Breakertt's Avatar 2022-05-01 PaperReview

Litrature review on RowHammer, Specture and HeartBleed

Summary

Flipping Bits in Memory Without Accessing Them: An Experimental Study of DRAM Disturbance Error

As the DRAM processing technology continuously evolves, the DRAM cells are considered to be more likely to be interference by other cells. Kim et al. [1] discovered a vulnerability in modern DRAM chips, named Rowhammer attack afterwards. A Rowhammer attack can flipbits in a row on a DRAM chip by frequent accessing another physical adjacent row.

The authors firstly demonstrated this vulnerability can be easily exploited with a few lines of assembly on a commodity PC. Then in-depth analysis with an FPGA-based testing platform is performed to study behaviour and root cause. It is concluded that most DRAM modules manufactured in 2012 and 2013 are affected and the number of accesses required is relatively small. Finally, a novel mitigation solution is proposed.

The Matter of Heartbleed

The Heartbleed vulnerability is a software bug in a widely used and fundamental cryptography library OpenSSL and consequently, is considered to be a serious security issue once disclosed. Based on such a phenomenal vulnerability, the actual impact of the vulnerability and responses from various sides including bug patching, certificaterevoking and attacks before and after disclosure are measured and evaluated in this paper [2]. The investigation shows the impact of this vulnerability is indeed great with massive attacks. Many sites are patched, but most of them are patched incorrectly (no certificate replacement). Additionally, the authors notifiedthe administrators of unpatched services to study the effectiveness of post-disclosure community mitigation measures and it is confirmedto be useful.
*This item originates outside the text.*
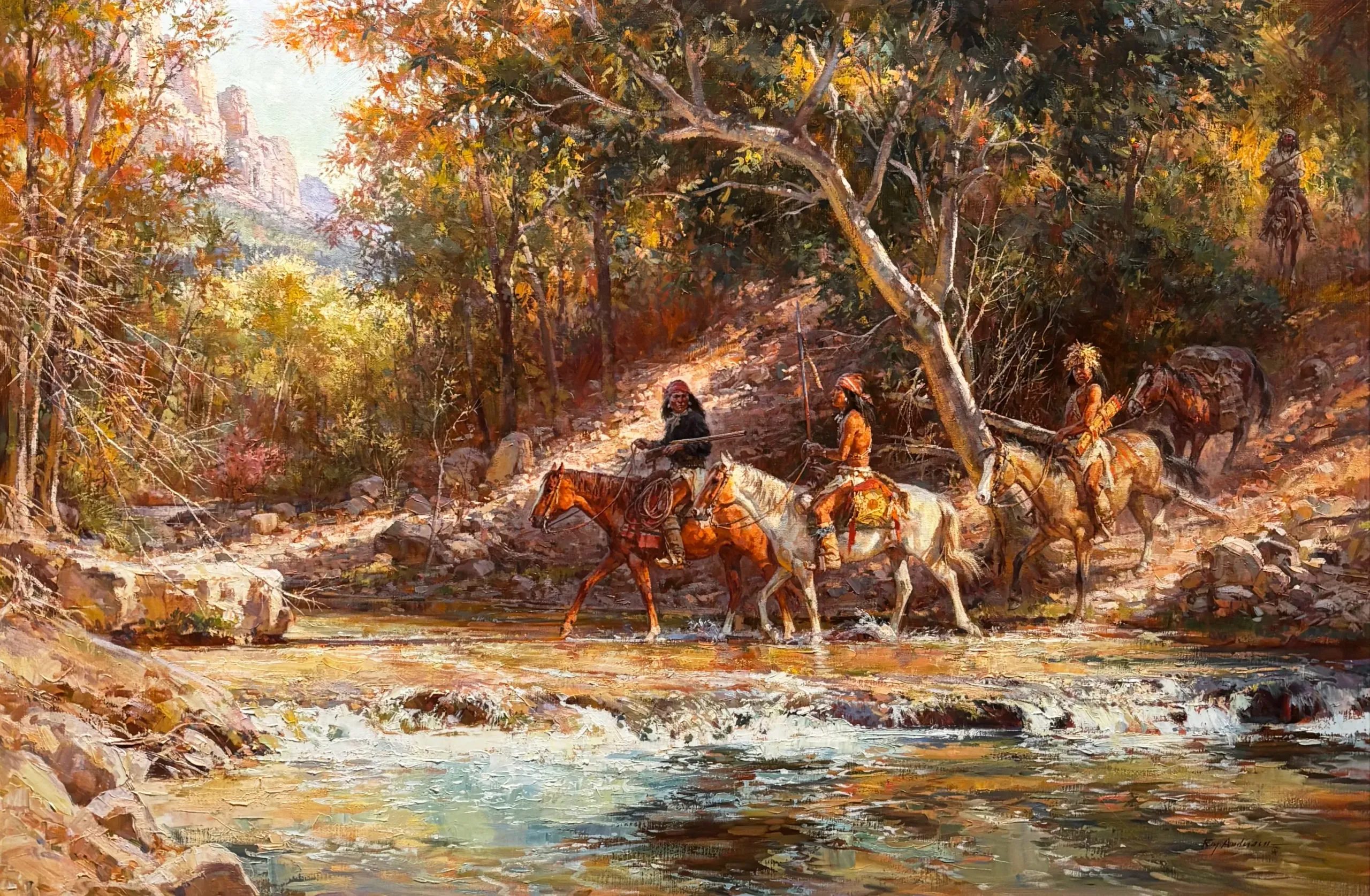 Roy Anderson was voted into the Cowboy Artists Of America in 1989 and remained a member of the group for over twenty-five years. He received the Silver Medal for Oil Painting in 1999 and many other awards while he was an active member. He is known mainly for his paintings depicting members of the Crow, Cheyenne and Apache tribes. He began his career in Chicago and New York where he worked as an illustrator and completed many covers for Time Magazine. He also did a series of postage stamps, most notably on dogs and American horses and in 1984 and 1985 won Stamp of the Year Award.

Building upon the previous investigation and experiment, five aspects are discussed with weak- nesses and strengths observed and concrete suggestions.

Spectre Attacks: Exploiting Speculative Execution

The Spectre is a well-known side-channel attack proposed by Kocher et al. [3] This attack exploits micro-architectural features including speculative execution, branch prediction and caches which are common in modern computer processors.

The Spectre attack can be performed in three phases. The branch prediction unit (BPU) is trained maliciously for exploitable instructions to be speculatively executed. Then, the instructions are modifiedto ones perform unexpected accesses and fail the branch condition. The instructions will be executed speculatively with mis-trained processor as a micro-architectural behaviour and leave cache-based covert channels. Then the attacker can retrieve secret data from the channel. Based on this procedure, two variants are discussed where poisons branch predictor and branch target buffer (BTB) respectively.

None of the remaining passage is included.